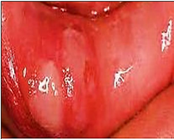
Figure 1: Ulcerations of the lower half-lip

lesions were oval, jagged edges with a granular bottom, and hollowed and covered with a whitish coating. They rested on an inflammatory nodule which extended away from the ulcerations (Figure 1).
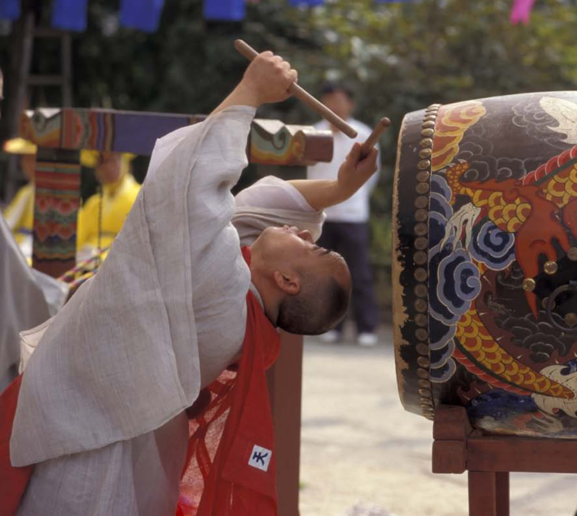
A Buddhist funeral rite, East Asia.

▶ _TASK BRIEF_
With the pictures omitted, write out exactly the lines from the one that contains "lesions were oval, jagged" through the final line of the material above, both ends included.

▶ _COMPLETED EXERCISE_
lesions were oval, jagged edges with a granular bottom, and hollowed and covered with a whitish coating. They rested on an inflammatory nodule which extended away from the ulcerations (Figure 1).
A Buddhist funeral rite, East Asia.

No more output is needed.